Rall: Our goal has always been acquire a business, grow it, and then in three to five years sell the business, and do it again. My brother and I are not programmers. We're not inventors. We were just looking for something that we can actually understand—like cleaning—and put our energy into growing it. This business had a lot of things that we liked, including growth potential, and it happened to be based in San Diego. There are worse places to end up.
Green: You mentioned that you experienced some burnout at your previous job. What was the culture of your previous firm like that made you ultimately decide to do your own thing?
Rall: Near the end of my time there, I had spent nine months in the Philippines onsite with a client. It was fantastic, and I was able to do a lot of really cool things. Then I came back and got reintegrated into our office. Consulting firms, by and large, have an expectation of working 70-plus hours a week, which is great when you're young and you want to learn, but after a while, it becomes a grind and you realize that maybe you want a social life or you want to try something different.
That's kind of where I was. I definitely enjoyed my time there, and I learned an incredible amount. But there comes a point where you say, “Okay, do I see myself here for 20 years, or do I want to do something else?” I chose the latter.
Green: What's an average day like for you?
Rall: I'm based in San Diego, but we also have offices across the country in Phoenix, Portland, Detroit, and Cape Cod. On any given day, I might be in any one of those places to check in on the staff there. I can work from pretty much anywhere. I come in, 7 a.m., my inbox is full of questions or issues, and I'm usually talking to different people in our markets to figure out challenges we have operationally—equipment breaking or crews that are out, guys that are sick—and help deal with that.
Throughout the rest of the day, I might be on the phone with insurance companies to talk about a claim, or working on some of our websites. Usually, I'll leave around 6 p.m., and then log back on at home for a couple hours depending on what's going on that day.
Rall: Work never really stops, and so the work life and the personal life come together. We've got 120 employees, so there are people in place to make sure that things happen the right way. But at the end of the day, if it's Super Bowl Sunday and there's a major problem, it's going to come to me eventually. If I ignore it, then it's not going to get done. Your cell phone doesn't stop ringing at 5 p.m. It can be a lot if you're always on the clock. Every once in a while, you need a little bit of a break, but I think making our middle managers feel empowered has helped.
Green: Sometimes, when people quit their jobs at large corporations—as you did—they're leaving to pursue a passion project or a personal interest. What was it like navigating a new job and business that isn’t necessarily one you’re personally interested in?
Rall: It's true, I never really saw myself in the cleaning business and I'm not passionate about cleaning necessarily. But I've always wanted to own my own business and pave my own way. It was really different from what everyone else in my college classes or at my old job was doing. The majority of people my age at my firm, either chose one of three things: business school, corporate equity, or private equity.

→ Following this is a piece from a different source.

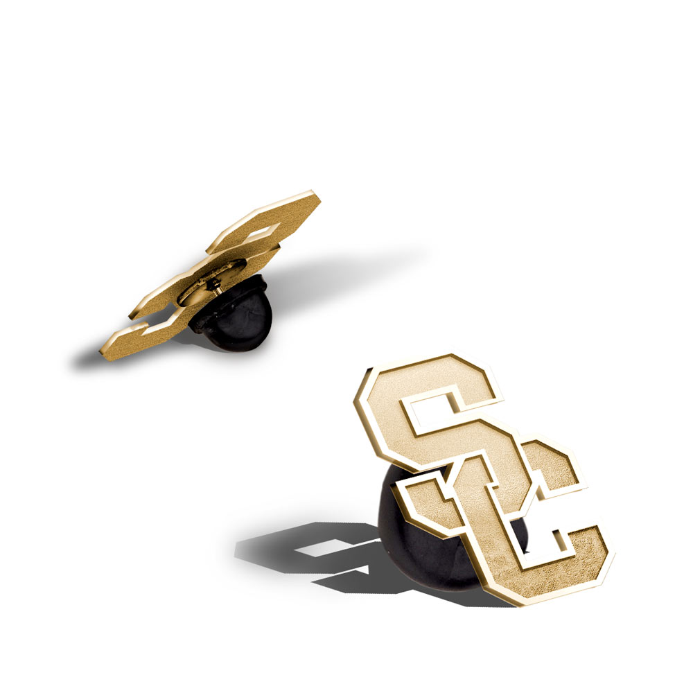 What better way is there to display your school pride than with this University of Southern California pin? This pin is made of solid sterling silver and the logo is etched deep with a high-polish finish. The pin can be engraved on the reverse side with a personalized message, names, dates, a monogram, anything you can think of.
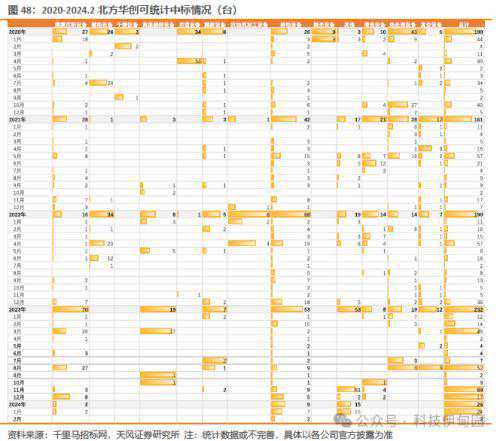 2024年2月,北方华创可统计中标设备2台,同比-85.71%,包括2台刻蚀设备。

Those were all great opportunities, but I didn't see myself fitting in well with any of them, so I figured now is as good a time as ever. When I acquired the cleaning business, I was 26 and said, "If I fail miserably, I'm only 26. I can just start over again. It's not the end of the line. I have a good resume and I'll still have opportunities ahead of me.”
Because I had that [back-up plan], I could be a little bit more fearless and take more risk. The acquisition of a small business is totally different than anything I've ever done before. When I was consulting, it was all about high-level strategy. You get into the details sometimes, but for the most part, you'd be making these broad recommendations about market growth and consumer trends. You're not talking about getting payroll done on Tuesday so that your employees stay happy, or making sure that you have the right insurance to do this project.
Green: What were some of the difficulties that came out of not being experienced in business-ownership?
Rall: For the first six months, it was a trial by fire. We got in and there were more things we didn't know than things that we knew. In a small business, you've got to wear so many different hats. It's not consulting where you're making a recommendation to a client, and you say, “Increase web traffic,” and that's it. You're the one that has to do it at the end of the day, and you actually have to dig into the details and execute on them. Our first year was just getting started, making mistakes, missing things, and then fixing them and learning.
Green: Some people say that that first year of owning a business is a breaking point of success or failure. What did you do in that year that made your business successful?
Rall: One thing that we did was diversify our opportunities. We made several acquisitions in the first year. We didn't want to put all of our irons in one fire, because we weren't sure if what we were doing was necessarily the right thing.
We had a division that focused on housekeeping. We didn't know if housekeeping was going to be a horse we wanted to ride, so we also branched into residential window-cleaning and then residential Christmas light installation, which have been our best performing divisions. There were times when we got a little too diverse, but unlike a larger business, we didn’t have all these different people that we could leverage. There were just a couple people in the office, so the business depended on us.
Rall: Yes. I think coming out of college with student loans, consulting definitely allowed me to pay some of those off and build savings in order to acquire the business. Also, as an associate in consulting, you're expected to learn things very quickly. There’s no six months of training to get to the first step. When you're working 70-plus hours a week, you can learn a ton even when the learning curve is very steep. That is very similar to jumping into a small business. For the most part, it's not rocket science, but it is a lot of responsibility and new information. Especially for us, we are trying to grow really fast, and so we can't afford to say, “Okay, well let's experiment with this for two years, and then we'll see if there's a better option.”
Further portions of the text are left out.